In Silico Prediction of Blood-Brain Barrier Permeability of Chemical Compounds through Molecular Feature Modeling

The introduction of computational techniques to analyze chemical data has given rise to the analytical study of biological systems, known as "bioinformatics". One facet of bioinformatics is using machine learning (ML) technology to detect multivariable trends in various cases. Amongst the most pressing cases is predicting blood-brain barrier (BBB) permeability. The development of new drugs to treat central nervous system disorders presents unique challenges due to poor penetration efficacy across the blood-brain barrier. In this research, we aim to mitigate this problem through an ML model that analyzes chemical features.
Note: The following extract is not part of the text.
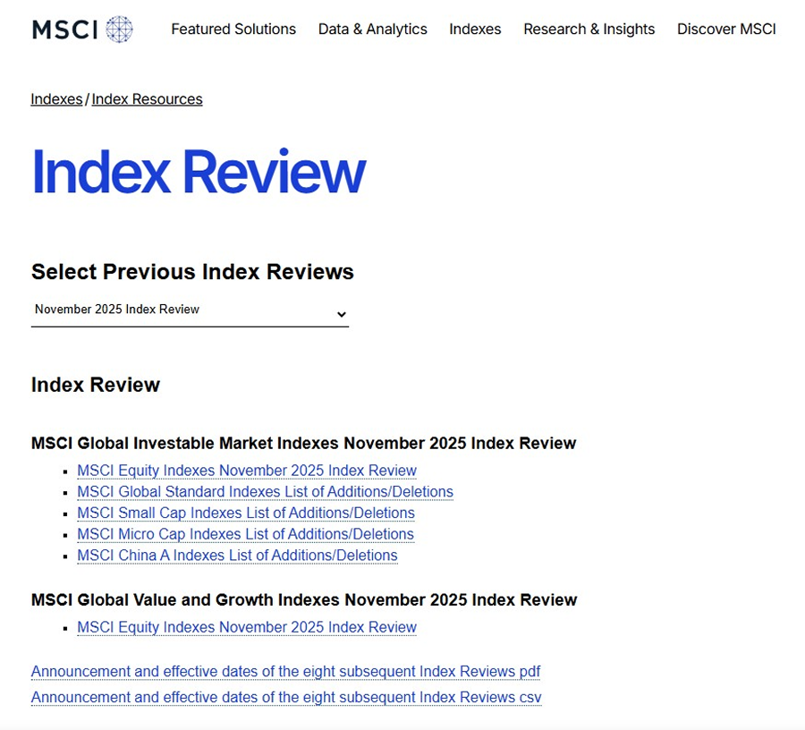 MSCI會定期進行成分股審核,並於官網提前公布最新結果與生效日期。當指數於生效日正式調整時,因被動型基金需同步調整持股,多會使市場成交量在生效日時大增。

To do so: (i) An overview into the relevant biological systems and processes as well as the use case is given. (ii) Second, an in-depth literature review of existing computational techniques for detecting BBB permeability is undertaken. From there, an aspect unexplored across current techniques is identified and a solution is proposed. (iii) Lastly, a two-part in silico model to quantify likelihood of permeability of drugs with defined features across the BBB through passive diffusion is developed, tested, and reflected on. Testing and validation with the dataset determined the predictive logBB model's mean squared error to be around 0.112 units and the neuroinflammation model's mean squared error to be approximately 0.3 units, outperforming all relevant studies found.